04: photography as a result of life

And in the midst of living, take a photo.

Life's a complex thing that's made up of simpler parts, but how simple can simple get? If we traced this mystery all the way to the beginning, what would we find? Elementary particles, apparently, particles so simple that physicists think they are not made up of anything else, and are the actual fundamental building blocks of the universe. This is so hard for my brain to compute.

I've read interviews by really smart scientists who, after talking about the complex and fascinating stuff they research about, come to the conclusion that they don't have a single idea about what anything really is. They don't understand the simplest parts and the most basic things about this world.

We're all interested in the big questions of life, such as, where did life come from? What is time? What is space? But we walk around with these mysteries just hanging in the air like that on a daily basis.

John O'Donohue, Irish mystic-poet-philosopher-theologian and writer, writes about mystery a lot. He also tends to equate mystery with beauty. His interview on Krista Tipett's "On Being" is one of the most-listened-to episodes of the podcast. This means that a lot of people care about mystery. And beauty. Maybe we instinctively know they are the same thing.

Since neither scientists nor artists nor priests know what life really is, we must come to the conclusion that the answer to anything is elusive. If our life philosophy is all about "figuring out" the answers to the questions in our head, we might have a pretty tough time on earth.

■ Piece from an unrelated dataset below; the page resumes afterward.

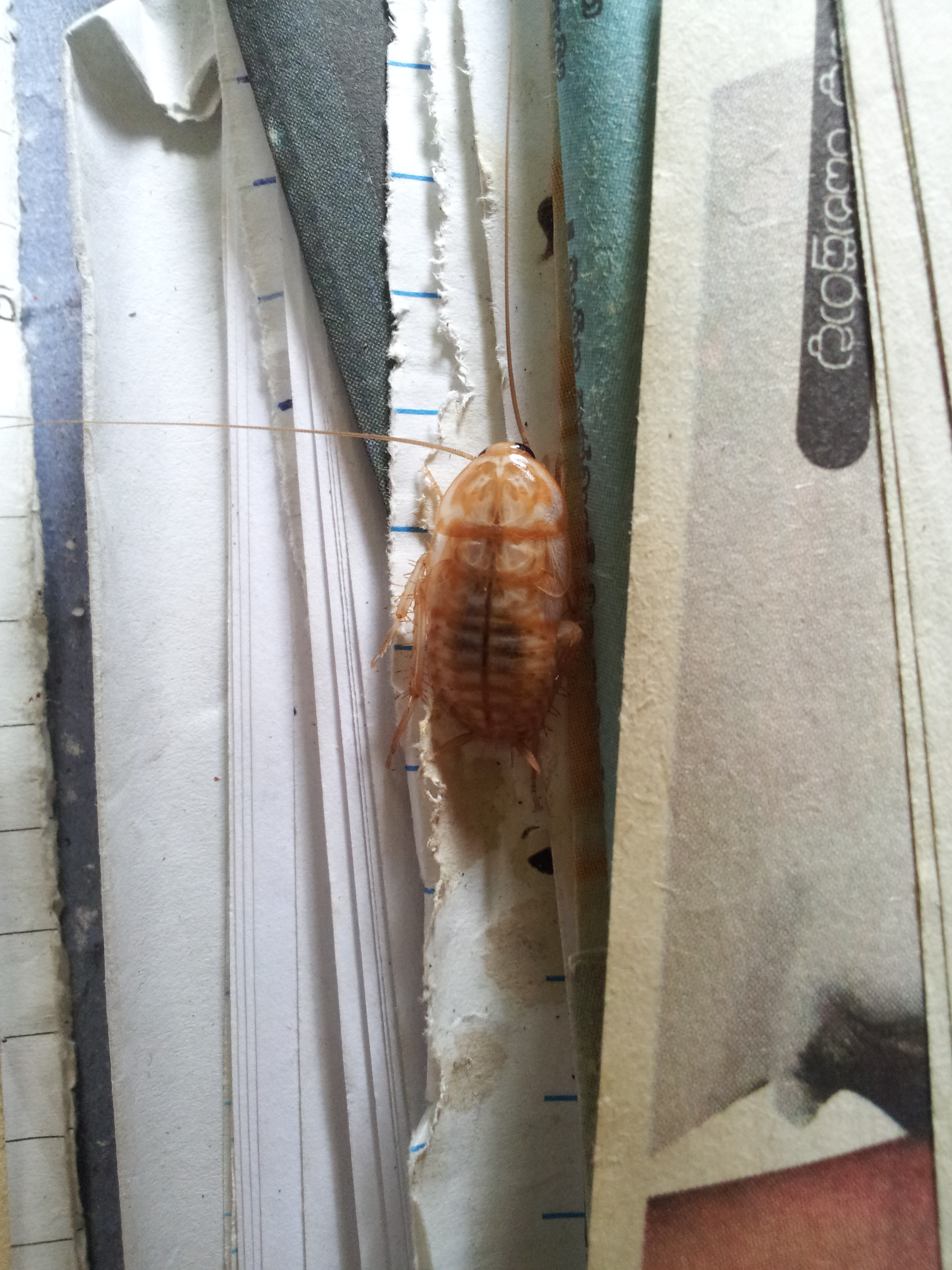 Albino cockroach from bakamuna, Sri Lanka

This is the kind of destructive worldview that has led to the suffocation of many minds - the search for hard answers and definite paths and concrete results and immovable surety.

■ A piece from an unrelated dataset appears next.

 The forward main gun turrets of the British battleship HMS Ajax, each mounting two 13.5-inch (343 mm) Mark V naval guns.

A softer philosophy is needed.

A softer philosophy - giving up on finding answers, focusing on growing only in understanding, ignoring conventions, digging deeper rather than spreading wider, finding joy in collecting mistakes, wasting time, getting off the moral high ground, choosing your friends and not feeling guilty about that, working on your own timeline, always investigating your curiosities, going your own way despite the nonsensical trappings of this world, etc.

More importantly, a unique and individual philosophy is needed. The world throws philosophies at us every day - believe this or else - but I want to take only what I like and what works for me and make up my own.

We're not here to crack any mysteries. We're here to roll around in life and experience its peaks and troughs and make discoveries and pick up things and poke at things and create things that express our ignorance and awe at all this mystery and beauty.

At least that's my philosophy. What's yours?


Cormac McCarthy:

“The truth about the world, he said, is that anything is possible. Had you not seen it all from birth and thereby bled it of its strangeness it would appear to you for what it is, a hat trick in a medicine show, a fevered dream, a trance bepopulate with chimeras having neither analogue nor precedent, an itinerant carnival, a migratory tentshow whose ultimate destination after many a pitch in many a mudded field is unspeakable and calamitous beyond reckoning.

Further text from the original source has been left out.